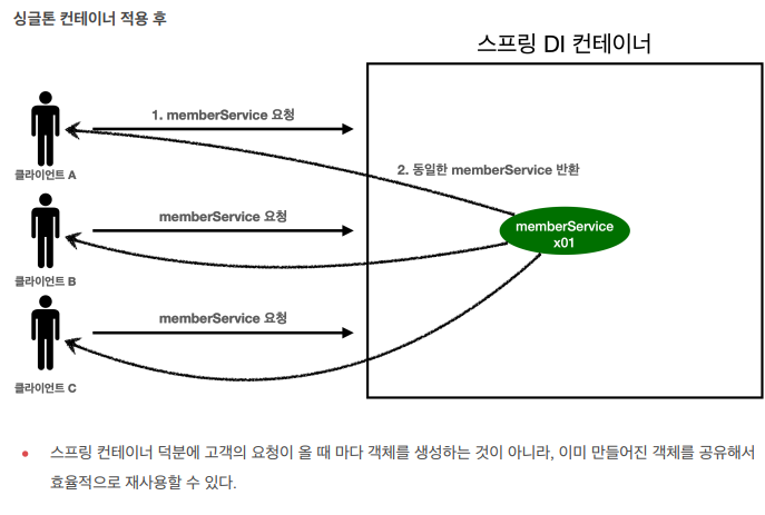 몇개의 요청이던, 단 1개의 동일한 memberService를 반환시킬수 있다.
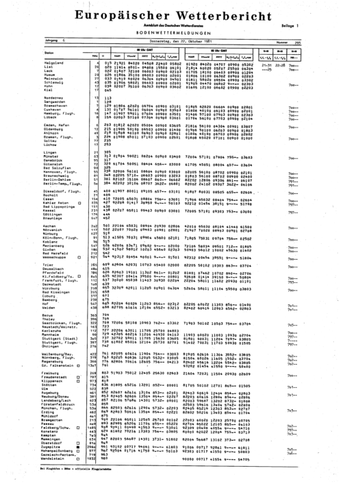 Europäischer Wetterbericht. Beilage 1, Bodenwettermeldungen. 1976-1994
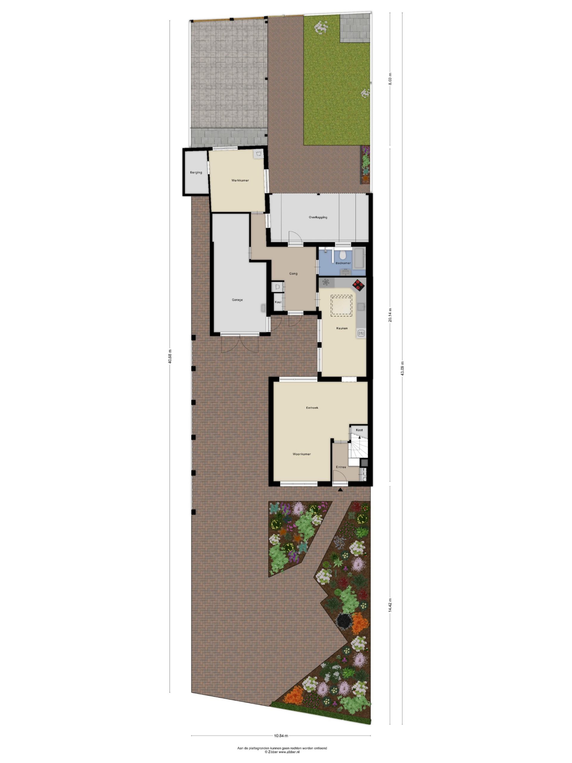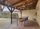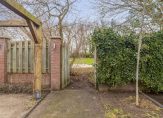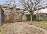 De tuin is uitgevoerd met een terras en gazon. Aan de achterzijde grenst de tuin aan een groot speelveld en biedt daarom volop privacy. Direct achter de woning is een veranda gebouwd. Dit is een eenvoudige overkapping, maar zorgt wel voor een beschutte plek om te zitten en van de tuin te genieten. Achter de slaap-/werkkamer staat in de tuin een grote pergola. De voortuin is zeer ruim, naast de nodige planten zijn hier ook enkele parkeerplaatsen op eigen terrein gemaakt.
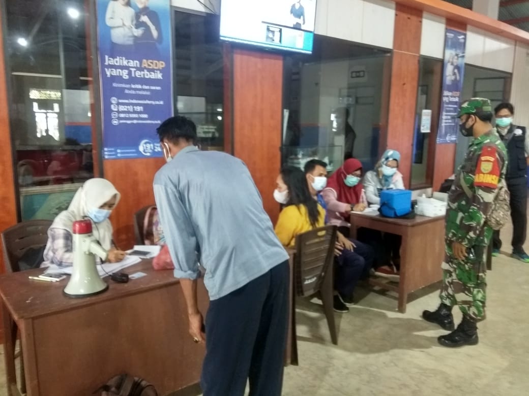 Terabasnews, Muntok – Babinsa Koramil 431-02/Muntok, serda K. Tanjung melaksanakan monitoring giat Vaksinasi tahap I yang dilaksanakan oleh Tim PKM Puskesmas Muntok bertempat di Pelabuhan Tanjung Kalian Kecamatan Muntok, adapaun jenis Vaksin yaitu Astra Zaneca, Jumat (27/08).
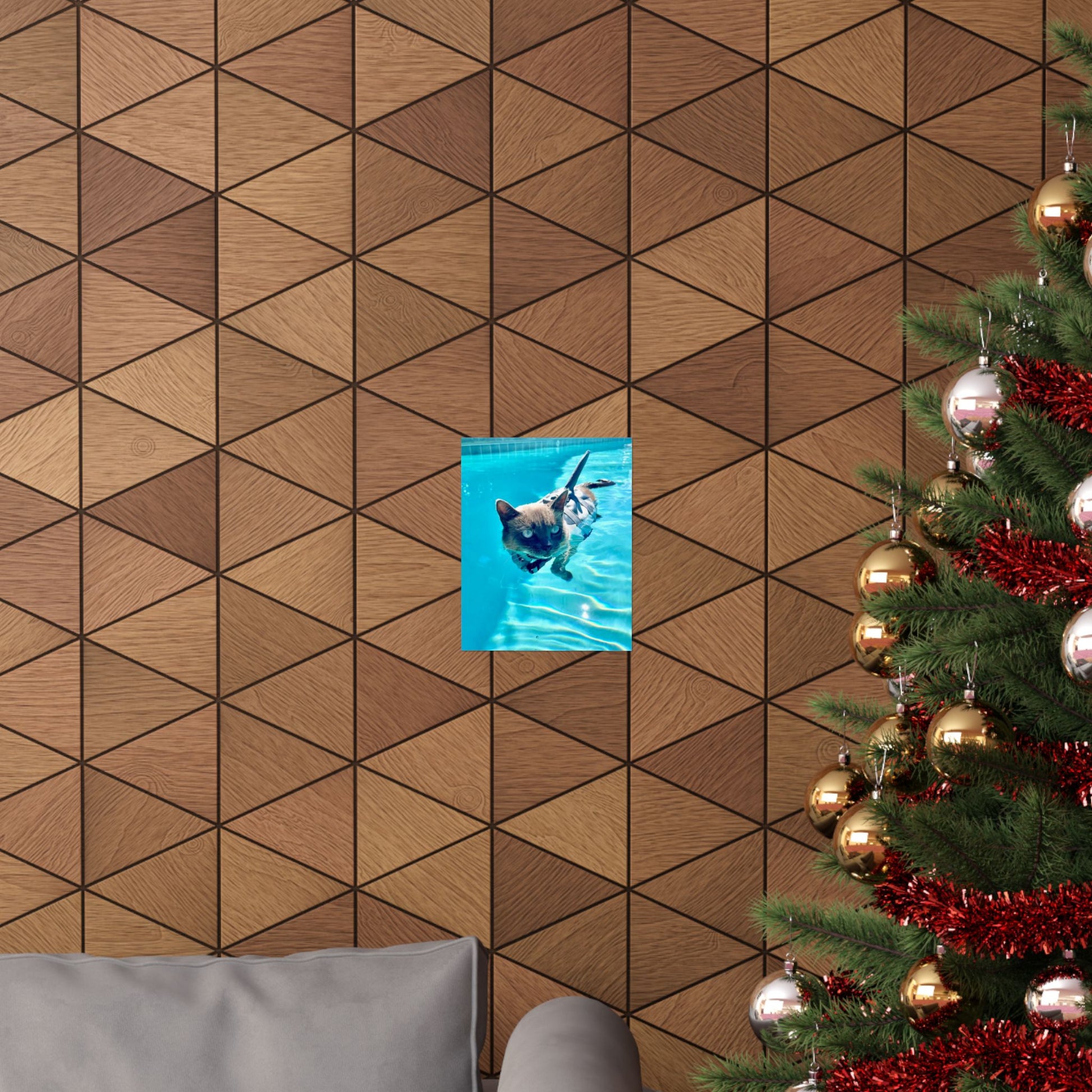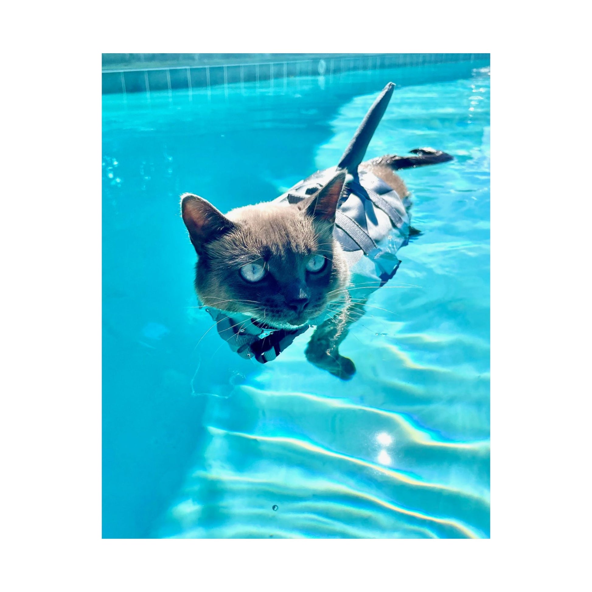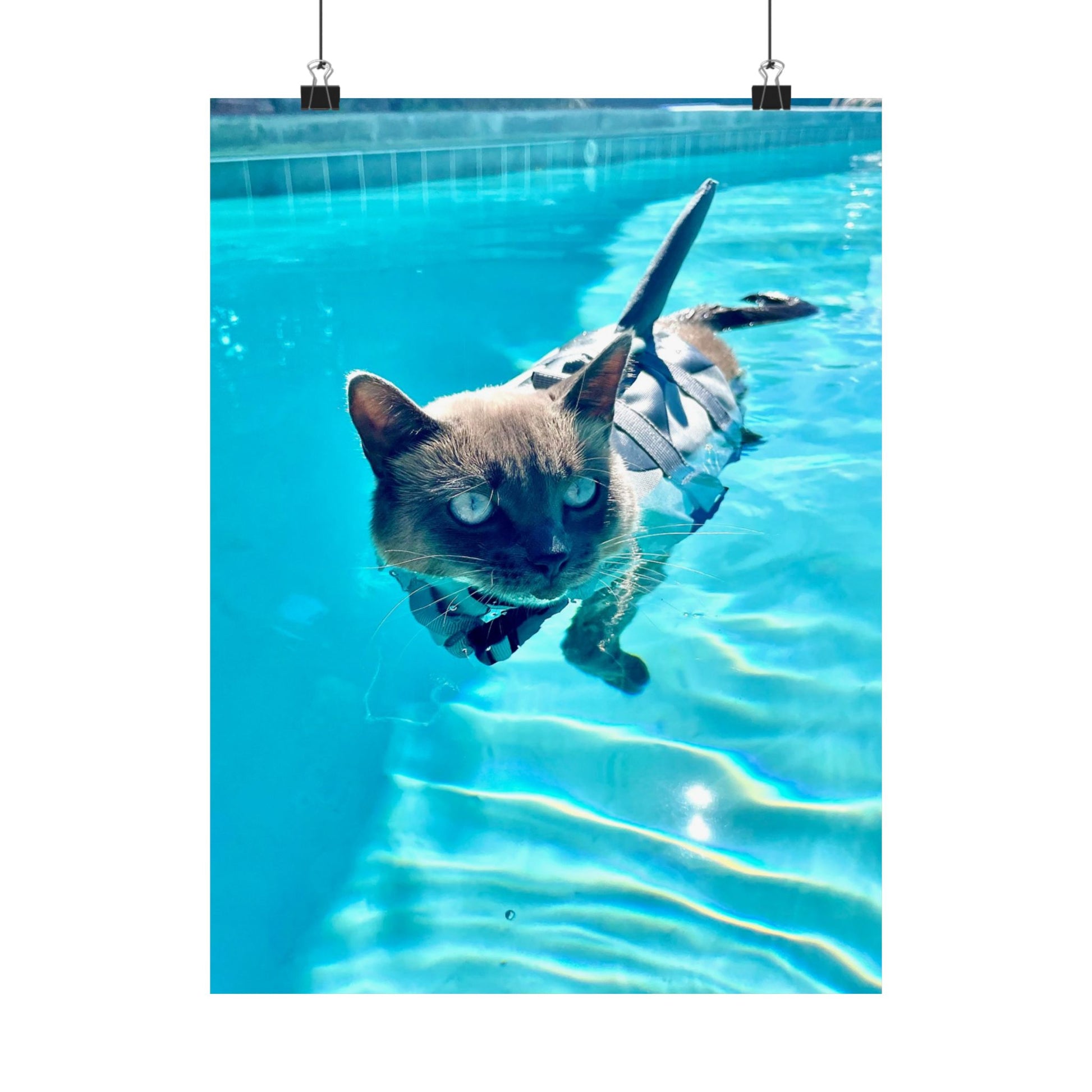 A vibrant matte poster that captures a playful Sharkitty moment, paddling through crystalline pool water, eyes bright and fur outlined by sunlit ripples. Printed with museum-grade archival paper and high-fidelity giclée inks, the image holds rich, saturated blues and crisp detail without glossy glare. Hung in a hallway, studio, or living room, it brings a breezy, whimsical energy and a touch of everyday wonder to indoor walls. Please select desired size.
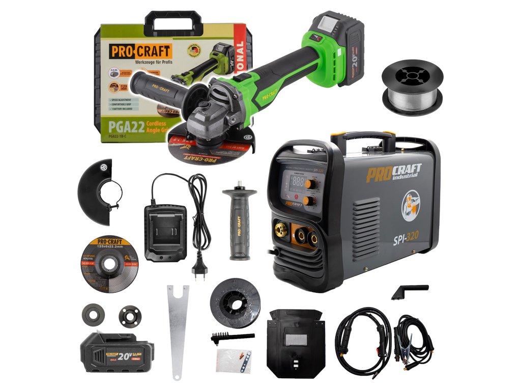 Kompletná profesionálna sada určená na zváranie aj následnú úpravu materiálu. Výkonný poloautomatický invertor SPI-320, bezuhlíková aku uhlová brúska PGA22 a trubičkový FLUX drôt FW81 tvoria ideálnu kombináciu pre dielňu, stavbu aj montážne práce. Sada je pripravená na okamžité použitie.
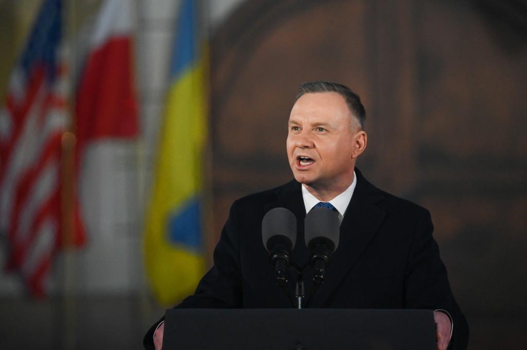 2023年2月21日,波兰总统杜达在华沙发表讲话。新华社发(阿列克西摄)

• [Work to be completed]: Give again, word for word, the line that contains "Kompletná profesionálna sada" and every line after it through the end of the entries; omit the pictures.

• [Answer below]:
 Kompletná profesionálna sada určená na zváranie aj následnú úpravu materiálu. Výkonný poloautomatický invertor SPI-320, bezuhlíková aku uhlová brúska PGA22 a trubičkový FLUX drôt FW81 tvoria ideálnu kombináciu pre dielňu, stavbu aj montážne práce. Sada je pripravená na okamžité použitie.
 2023年2月21日,波兰总统杜达在华沙发表讲话。新华社发(阿列克西摄)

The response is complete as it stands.